El año que vivimos en peligro

La cordura de quien se postula a presidir los destinos del país importa, pero la ideología que guía las acciones puede ser un elemento de destrucción todavía más potente que el desequilibrio y la inestabilidad emocional.

19 de noviembre, 2023 | 00.05

La decisión popular que se conocerá en la noche de este domingo será sin dudas la más trascendente de los últimos 40 años. A diferencia de otras elecciones no estará en juego solamente el gobierno de una u otra fuerza política, sino los consensos básicos de la democracia recuperada en 1983. Quizá el paso del tiempo vuelva borrosa la memoria colectiva, por eso vale recordar que perder la democracia le costó al país al menos 30 mil desaparecidos, a los que debe sumarse el número más preciso de los 649 soldados muertos en Malvinas, la gota que rebalsó el vaso de la paciencia social a la última dictadura iniciada en marzo de 1976.
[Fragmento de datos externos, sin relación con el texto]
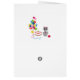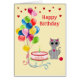 Chat d'anniversaire, coeurs et ballons multicolores sur la carte de voeux en ivoire. Tous les textes prêts à être personnalisés.
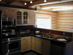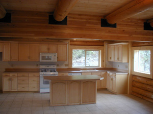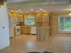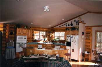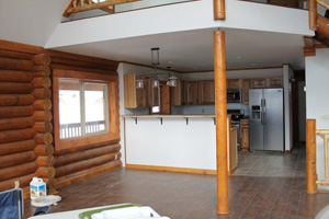 Open kitchen & dining areas compliment logs
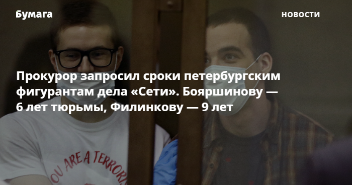Прокурор Александр Василенко попросил признать виновными петербургских фигурантов дела «Сети» — сообщества, признанного террористическим и запрещенного в России. По мнению стороны обвинения, Виктору Филинкову нужно назначить 9 лет лишения свободы в колонии общего режима, Юлию Бояршинову — 6 лет. Это следует из видеотрансляции заседания суда.
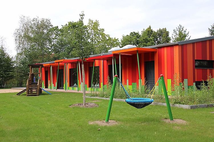 Unsere Einrichtung befindet sich auf dem Firmengelände der Firma Luxhaus im Gewerbegebiet Georgensgmünd, inmitten eines bewaldeten Grundstücks mit vielen Bäumen, Sträuchern und Hecken.
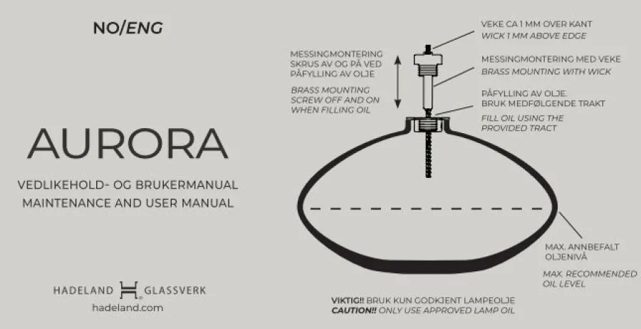 Fyll aldri oljen til mer enn anbefalt mål som vises i bruksanvisningen medfulgt. Veken skal ikke stikke opp mer enn 1 mm over kanten. Bruk kun godkjent lampeolje. La aldri produktet stå uten tilsyn når den er tenkt. Olje kjøpes separat. Dersom flammen er for høy, blafrer eller soter er veken for høy. Blås ut lyset, la den stå til den blir kald og trykk forsiktig ned veken til riktig høyde.
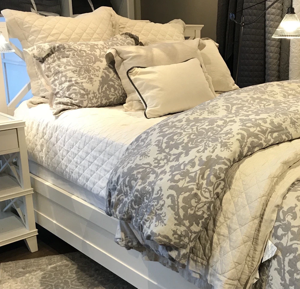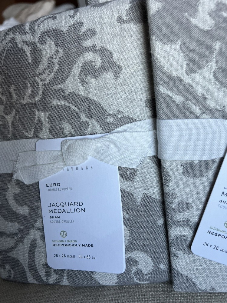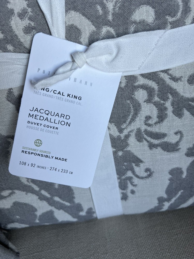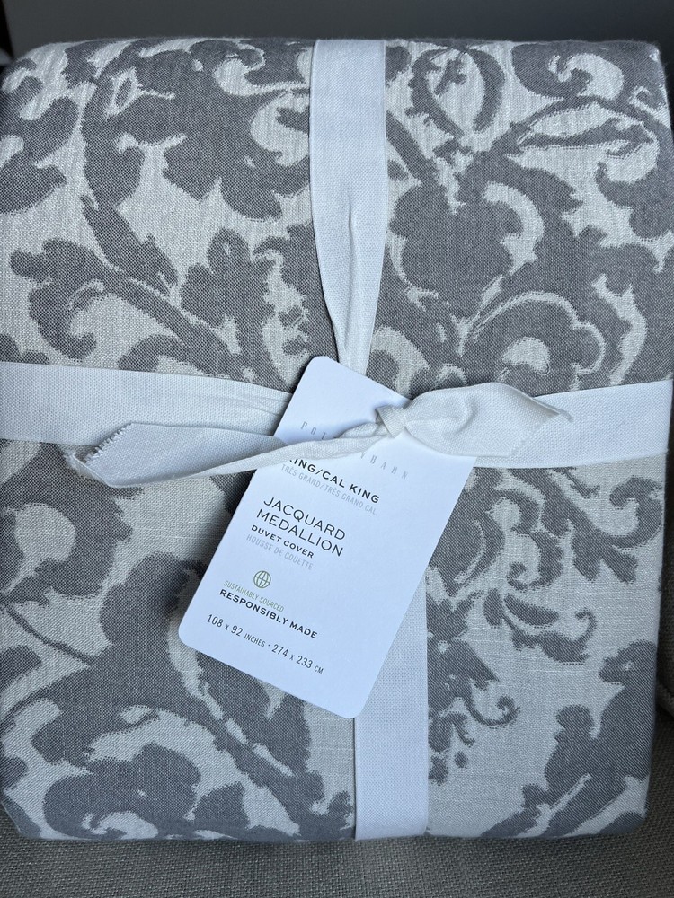 Pottery Barn Pottery Barn, a division of Williams-Sonoma, provides casual furnishings and textiles designed to delight and inspire the imagination. King / Cal King Duvet Cover & 2 Euro Pillow Shams Front Fabric: 45% Rayon, 38% Cotton, 17% Linen Reverse Fabric: 100% Cotton Solid Care: Machine washable This posting is for a duvet cover and 2 pillow shams, the insets and other items are not included. The photo's are of the actual item(s) Please ask all questions prior to purchase Stored in a smoke free environment Photos: We try our best to adjust the lighting to capture colors accurately; however colors can differ in photos depending on lighting and the devise used for viewing. Before purchasing, we recommend reviewing the item on the products website. Shipping: Shipping is offered to the confirmed address on record. Please make sure the shipping address is accurate before making a purchase. For your convenience tracking numbers are uploaded to eBay once shipped. Product may be shipped with Signature Confirmation. Returns: Please contact us if there is a problem with the item(s) you receive within 14 days of receipt of the item. Refunds are offered if returned in the original package (as packaged by the manufacture), unused and with tags attached. Shipping costs will be subtracted from the refund. International Shipping: eBays Global Shipping Program is offered for International Shipping. Import duties, taxes and charges are not included in the item price or shipping costs. These charges are the buyer's responsibility. Please check with your county's customs office to determine what these additional costs will be prior to bidding or buying. Thank you for looking!

Pero el baño de sangre fue solamente una parte. También hubo sudor y lágrimas. La dictadura que hoy se banaliza trajo aparejada la destrucción del Estado de bienestar junto a la multiplicación del endeudamiento externo que, desde entonces y a pesar de las sucesivas cesaciones de pagos y reestructuraciones, condiciona el funcionamiento de la economía. Significó además una profunda transformación de la estructura económica y de propiedad de las empresas, una tarea que sería completada en la década de los ’90 con los procesos de apertura, desregulación y privatizaciones, la tríada del “neoliberalismo”, secuencia que entrañó, vía el endeudamiento, una profundización de la dependencia económica con los capitales del exterior.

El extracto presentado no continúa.